Even after ovulation is pharmacologically restored, many anovulatory patients still encounter significant hurdles. These patients experience reduced cumulative pregnancy rates and face a higher risk of implantation failure and spontaneous miscarriage. These complexities underscore the urgent need for a deeper understanding of the underlying mechanisms of PCOS. Developing more effective treatment strategies is paramount to improve reproductive outcomes and ensure the overall health of women battling this condition. As we venture further into this review, we will unravel the multifaceted nature of PCOS, lay the foundation of its effects on pregnancy, and explore the numerous challenges it presents.
2. Implantation in PCOS
2.1. Endometrial Receptivity and Implantation Challenges
PCOS is characterized by implantation challenges due to both hormonal and metabolic imbalances. Women with PCOS often experience abnormal increases in LH during the follicular phase, which, along with excess androgen, triggers apoptosis and autophagy in granulosa cells. This triggers oocyte arrest and anovulation, diminishing the quality of oocytes and embryos, and impairing ovarian function [16,17]. For women struggling with ovulation, in vitro fertilization/intra-cytoplasmic sperm injection (IVF/ICSI) stands as a tertiary treatment option. Despite selecting high-quality embryos for transfer, women with PCOS still face a range of negative pregnancy outcomes, including lower embryo implantation rates and increased occurrences of early clinical pregnancy loss [18,19].
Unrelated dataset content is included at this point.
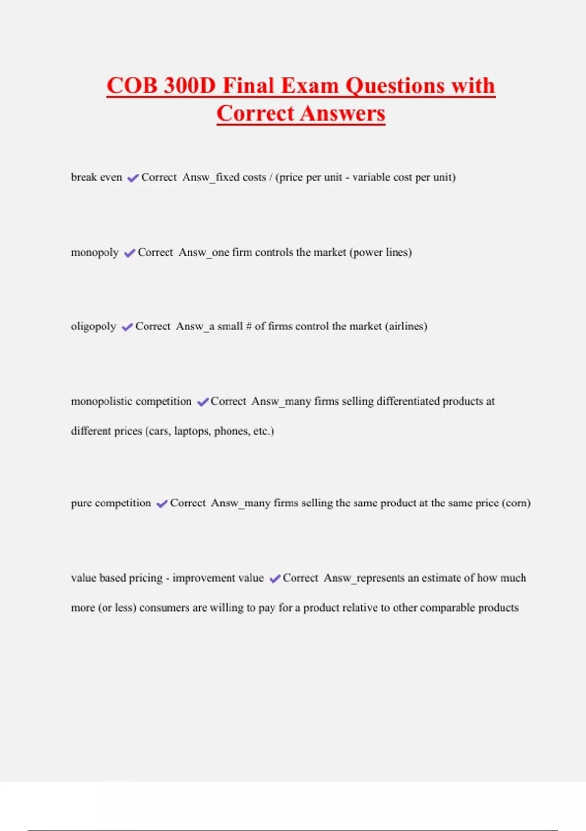 ,value based pricing - cost of ownership Correct Answ_determines the total cost of owning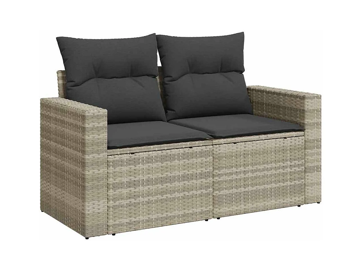 Salon de jardin 8 pcs avec coussins gris clair résine tressée

The hormonal imbalances in PCOS, particularly hyperandrogenism and altered LH/FSH ratios, disrupt the endometrial cycle [20], leading to decreased levels of progesterone and leukemia inhibitory factor (LIF), both crucial for endometrial receptivity and implantation [21,22]. Hyperandrogenism in PCOS specifically inhibits the growth of endometrial cells and their decidualization, negatively impacting embryo implantation. This issue is compounded by the dysregulation between androgen receptors and Wilms tumor protein (WT1), which may further reduce endometrial receptivity [23]. Insulin resistance, another feature of PCOS, disrupts glucose metabolism within the endometrium, contributing to progesterone resistance and exacerbating issues with endometrial functionality. This heightens the risk of miscarriages and increases the likelihood of atypical hyperplasia and endometrial cancer. The complex manifestations of these dysfunctions underscore the necessity for a nuanced approach in treating the reproductive aspects of PCOS, one that addresses the complex interplay between hormonal, metabolic, and endometrial factors [24,25,26]. Thus, various signaling pathways such as hyperandrogenism, LIF, and insulin resistance are disrupted in PCOS, leading to impaired endometrial receptivity (Figure 1).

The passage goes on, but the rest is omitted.